# Waste Oil Boiler



## OldSchool (Jan 30, 2010)

I am going to convert my wood fired boiler to burn waste oil....

All I need to do is build a steel tray to hold the waste oil.....and regulate the flow to the tray.

What I haven't figured out yet was the size of container...

The current boiler is 24 x 36 inside ....

I hope every one knows that only the surface will burn off once I light it....

So the question is.... How many btu for waste oil or diesel per sqft of surface area....

Note: Gallons would have nothing to do with it... other than burn time.

Been trying to find the answer to this but so far no luck....
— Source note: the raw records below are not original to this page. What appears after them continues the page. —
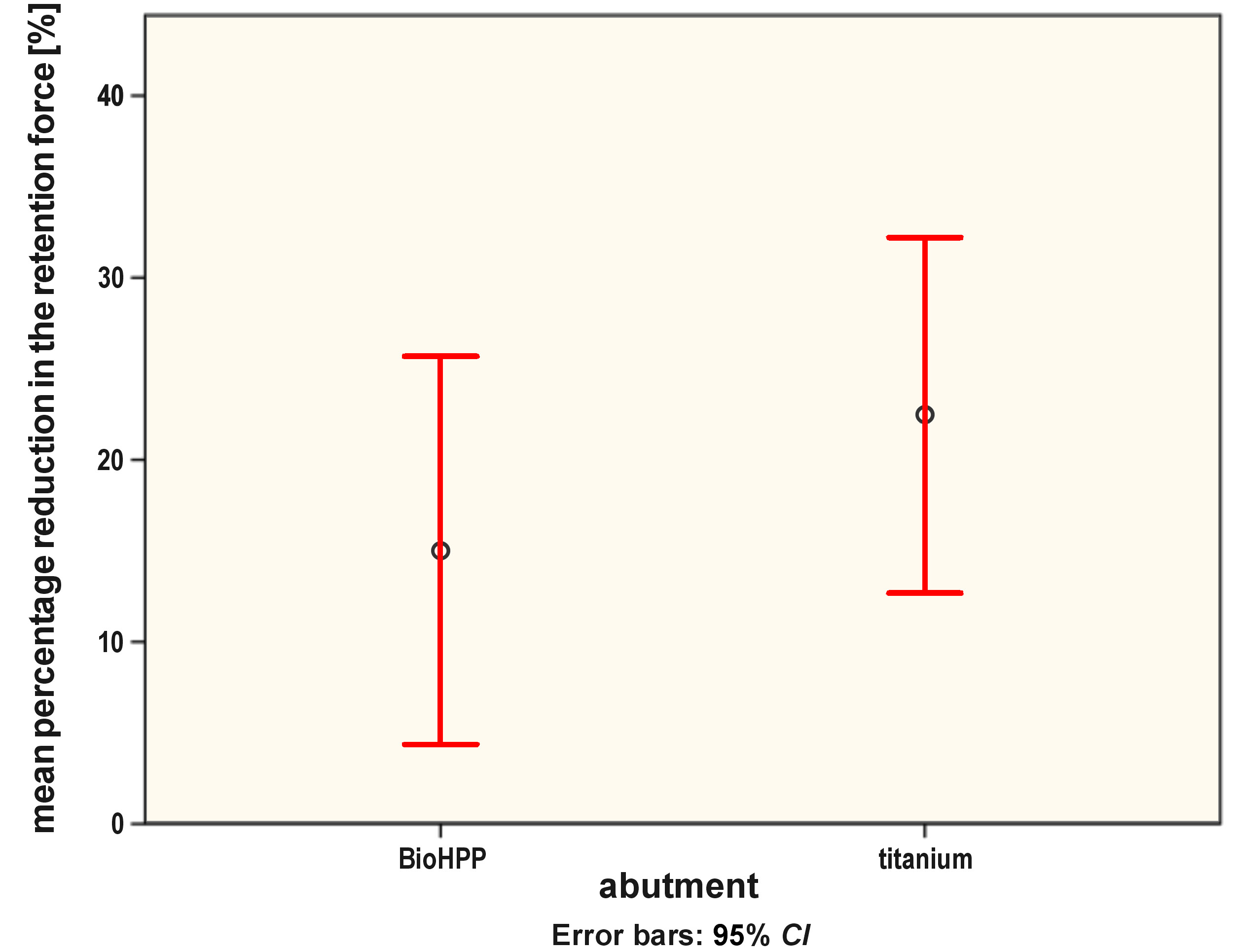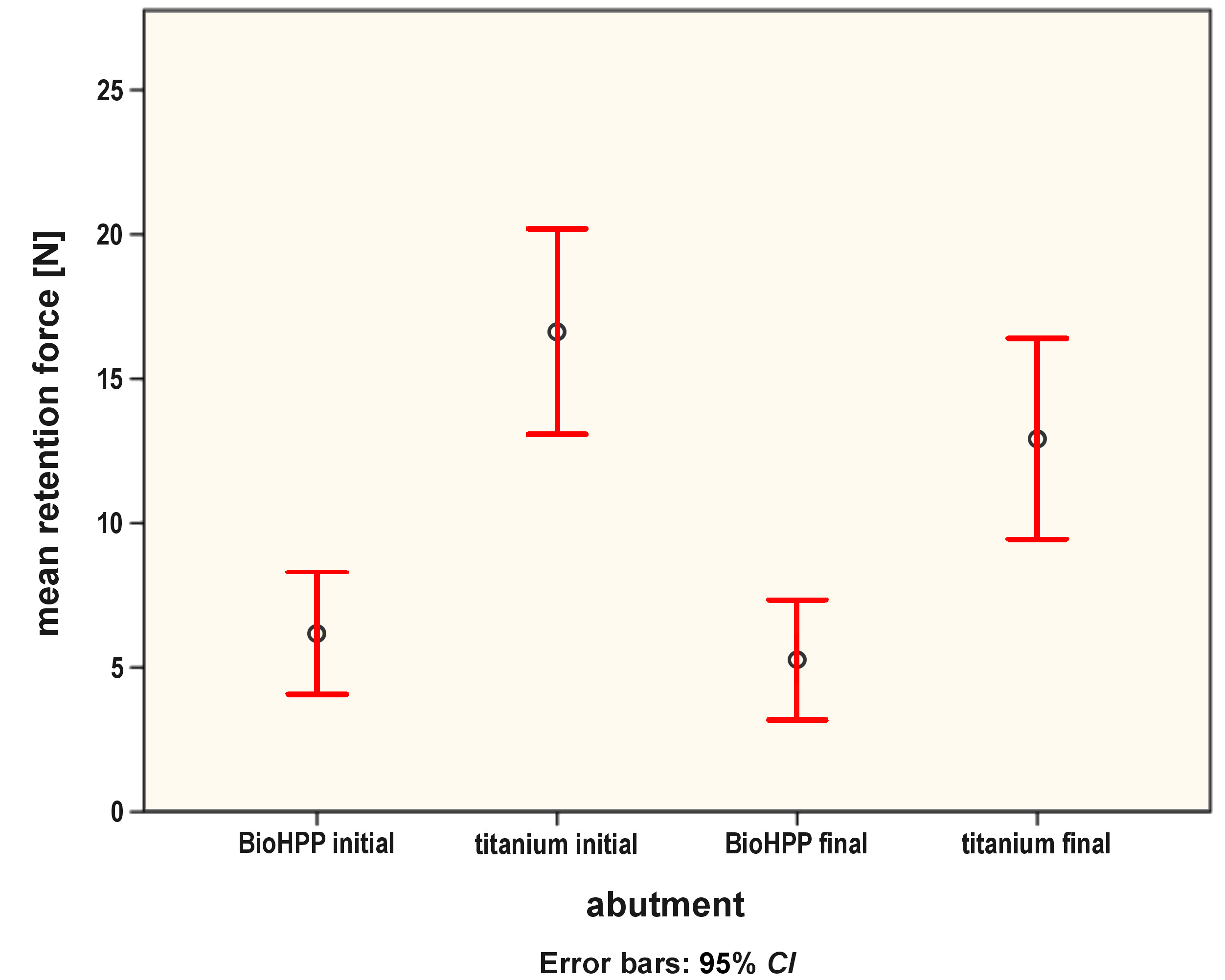 Our results rejected the null hypothesis, as they revealed higher initial and final retentive force values in the Ti group over the Bio group. The difference in the initial retentive forces could be attributed to the pressing process of BioHPP abutments, which was complicated, with many potential sources for errors. Also, the higher final retentive force values in the Ti group could be due to the already higher initial retentive forces as compared to the Bio group.
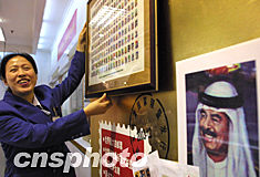 由香港著名畫家劉宇一設計的“新千年世界元首郵票大全”十九日起在北京貴友大廈獨家銷售,這組由一百九十位國家元首畫像構(gòu)成的世界張數(shù)最多的大聯(lián)張郵票售價兩千九百元人民幣并需要提前預定。其中倍受矚目的伊拉克前總統(tǒng)薩達姆頭像郵票更被放大張貼,成為這組郵票的銷售熱點。中新社記者:廖文靜
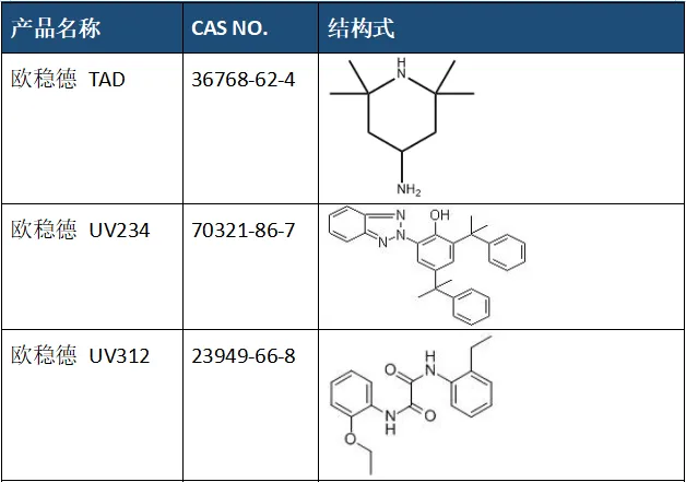 除尼龍工程塑料外,我司在其他汽車內(nèi)外飾件材料改性方面也有豐富合作經(jīng)驗,可針對不同基材提供配套助劑改性方案,如PC, ABS, PVC等復(fù)合材料。欲了解更多歐穩(wěn)德? 紫外線吸收劑、光穩(wěn)定劑、抗氧劑產(chǎn)品信息,歡迎隨時致電咨詢。
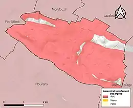 Le retrait-gonflement des sols argileux est susceptible d'engendrer des dommages importants aux bâtiments en cas d’alternance de périodes de sécheresse et de pluie. 91,8 % de la superficie communale est en aléa moyen ou fort (88,8 % au niveau départemental et 48,5 % au niveau national). Sur les 637 bâtiments dénombrés sur la commune en 2019, 608 sont en aléa moyen ou fort, soit 95 %, à comparer aux 98 % au niveau départemental et 54 % au niveau national. Une cartographie de l'exposition du territoire national au retrait gonflement des sols argileux est disponible sur le site du BRGM[24],[Carte 3].
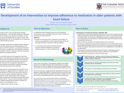 Background: Heart Failure (HF) is a major cause of poor health, hospitalisation, and death, particularly amongst older people. Routinely prescribed HF medication can improve these outcomes, but many patients do not take their medications. Aims: To develop a tailored multi-component intervention to enhance medication adherence in older HF patients in preparation for a future pilot RCT. Objectives: To determine what intervention components and strategies are necessary and acceptable to create a support package to help and encourage HF patients to take their medication regularly. To develop an
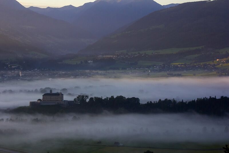 - Das Schloss Trautenfels im Morgennebel. Der Blick geht nach Süden über Irdning in das Donnersbachtal.

Lets see if anyone can come up with an answer :thumbup:


----------



## bartnc37 (Feb 24, 2009)

Roughly 130k per gallon of heating oil so doing some handy dandy conversion assuming only the top 1/8" of the oil ignites at once you'd get roughly 60k btu from that sized tray. 
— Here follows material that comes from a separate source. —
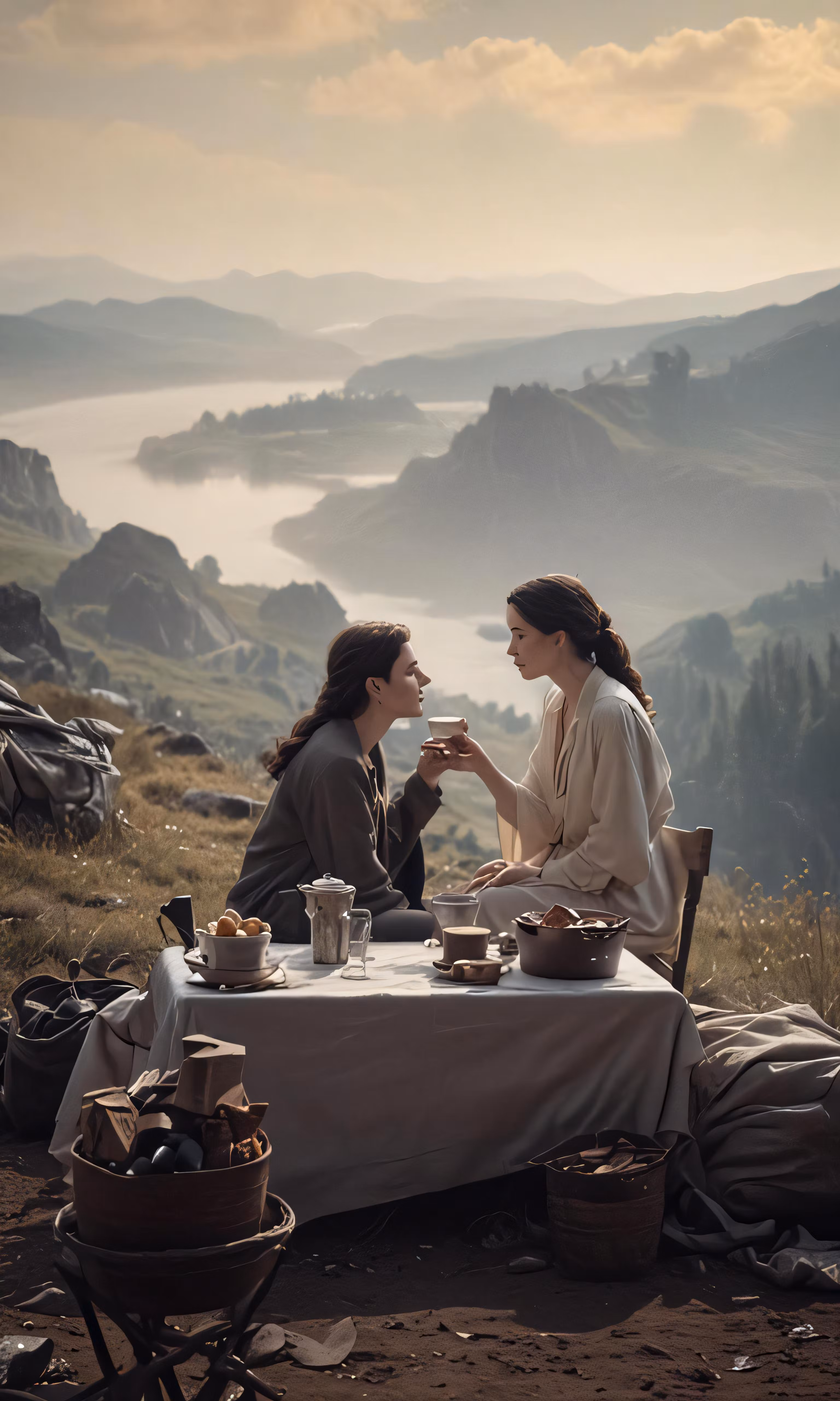 High resolution picture, free to use, two young women are sitting at an old   fashioned table and eating desserts

roughly 864 cu inches in your try or 3.7 gallons divide by 8 for the 1/8" get .46 gallons *130k and walla 60K btu,


----------



## OldSchool (Jan 30, 2010)

Thanks.....

60 K should work nicely....

going to weld up a tray before the weekend and test it out :thumbup:


----------



## breid1903 (Feb 8, 2009)

24" x 36" = 864 square inches. by the way could you take pictures of you installing the tray. i'm gator bite certified. breid................:rockon:


----------